Module 1: Setting the Direction — Be Bold
The first core responsibility of a CEO is setting the company's direction. Excellent CEOs approach this with a distinct mindset. They aim to change the game entirely. This starts with a bold vision.
The authors found that the best CEOs reframe what it means to win. Instead of setting a narrow goal like "be number one in our market," they define a much larger, more ambitious mission. Take Ajay Banga at Mastercard. The obvious vision was to "win in payments." But Banga saw that 85% of global transactions were still cash. So he reframed the mission to "kill cash." This simple shift opened up a vast new strategic landscape. It pushed Mastercard to innovate for the cash-based economy, not just compete with Visa for the existing 15%. Similarly, Reed Hastings could have aimed for Netflix to be the number one DVD company.
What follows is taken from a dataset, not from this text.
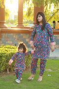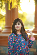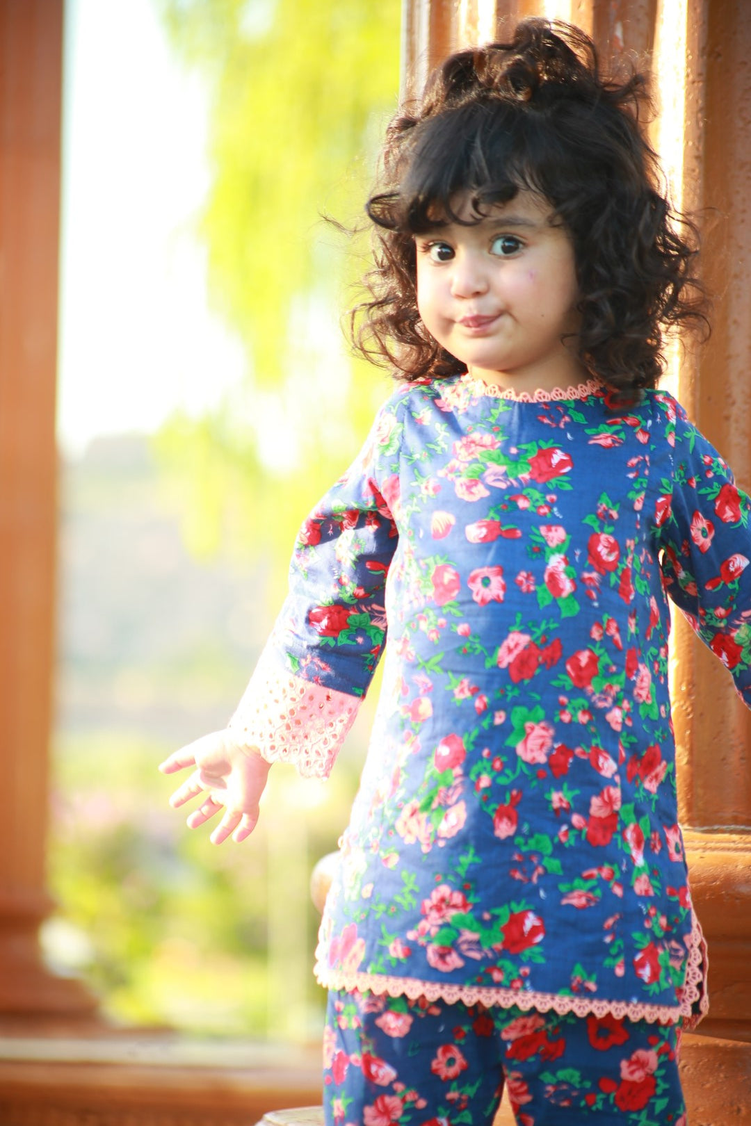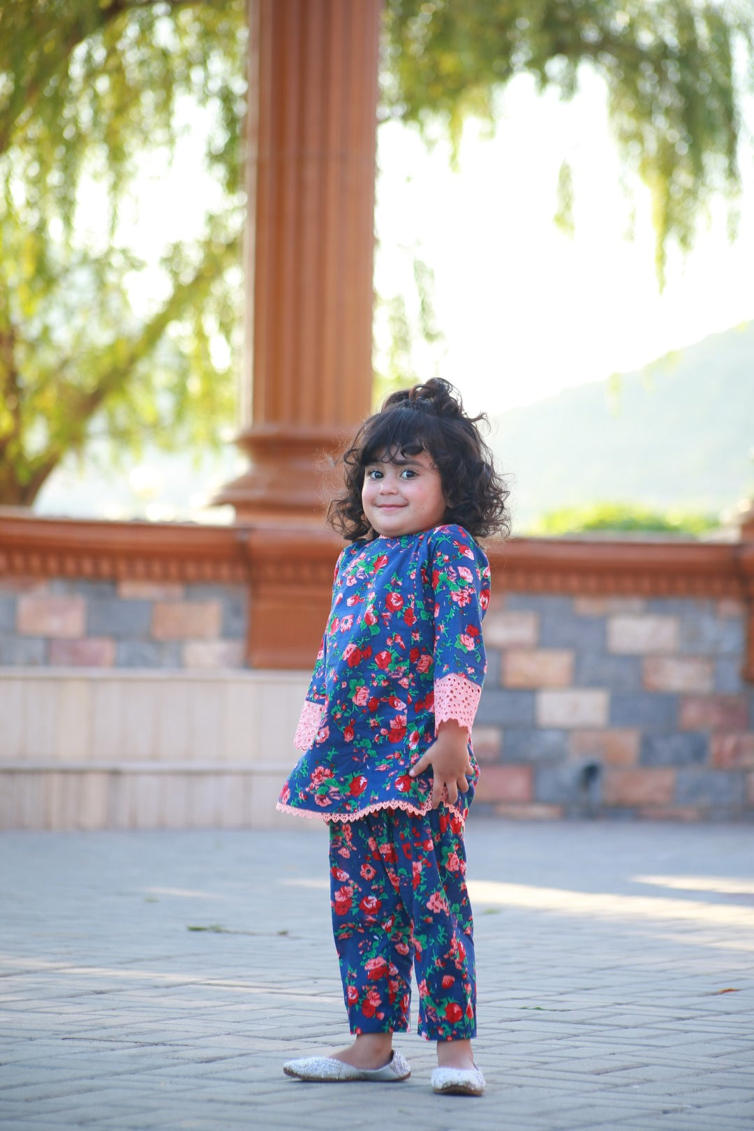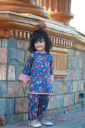 A fascinating composition is layered over this trendy ensemble rendered in a royal blue shade with floral red, peach flower print. It features a graceful kalli shirt beautifully adorned with aesthetically rich floral Co-ord pants. Embellished with chikan kaari lace on sleeves and cotton lace on chaak and daaman. this contemporary shirt is paired with a classy straight trouser a perfect outfit for happening gatherings this season.

Instead, the vision was to become a global entertainment distribution company. This justified the pivots to streaming, original content, and global expansion.
Next, this vision needs to be grounded. Exceptional leaders build their vision at the intersection of four key elements. Hubert Joly, who engineered the stunning turnaround at Best Buy, used a simple framework. He looked for the intersection of what the world needs, what the company is good at, what employees are passionate about, and how the company can make money. For Best Buy, this meant shifting from selling electronics to "enriching lives through technology." They used their knowledgeable staff and physical stores to help customers navigate a complex tech world. This vision was both inspiring and economically viable.
From this foundation, the authors reveal that the best CEOs make big, transformative moves early and often. The data is clear. The odds of an average company becoming a top performer are just one in twelve. To beat those odds, you need to act boldly. The research identified five types of "big moves" that dramatically increase a company's chances of success. These are:
- Programmatic M&A: Consistently buying and selling businesses to shape the portfolio.
- Capital Investment: Investing significantly more in capital projects than industry peers.
- Productivity Improvement: Driving deep, sustained cost reductions.
- Differentiation: Creating superior business models and pricing power.
- Resource Reallocation: Radically shifting resources between business units.
Companies that make three or more of these moves are six times more likely to reach the top tier. Satya Nadella at Microsoft is a perfect example. He made huge acquisitions like LinkedIn, doubled down on cloud and AI, and divested the mobile phone business. These were bold, concurrent strategic actions that reshaped the company.
Finally, you can't make bold moves without bold resource allocation. So here’s the thing. You must adopt an outsider's perspective to reallocate resources. Internal politics and historical budgets create immense inertia. Abraham Wald, a WWII statistician, famously advised reinforcing the parts of bombers that came back with no bullet holes. He reasoned the planes shot in those areas never returned. That’s an outsider’s mindset. Mike Mahoney did this at Boston Scientific. He shifted 80% of R&D funds from slow-growth core products to high-growth areas. It was a painful move internally. But it led to a sevenfold increase in market capitalization. You have to be willing to question everything from a zero base. As GM's Mary Barra asked, "Why would we allocate capital, knowing we're not going to recover it?" This means killing projects, even if they're someone's pet project, to fund the "home runs."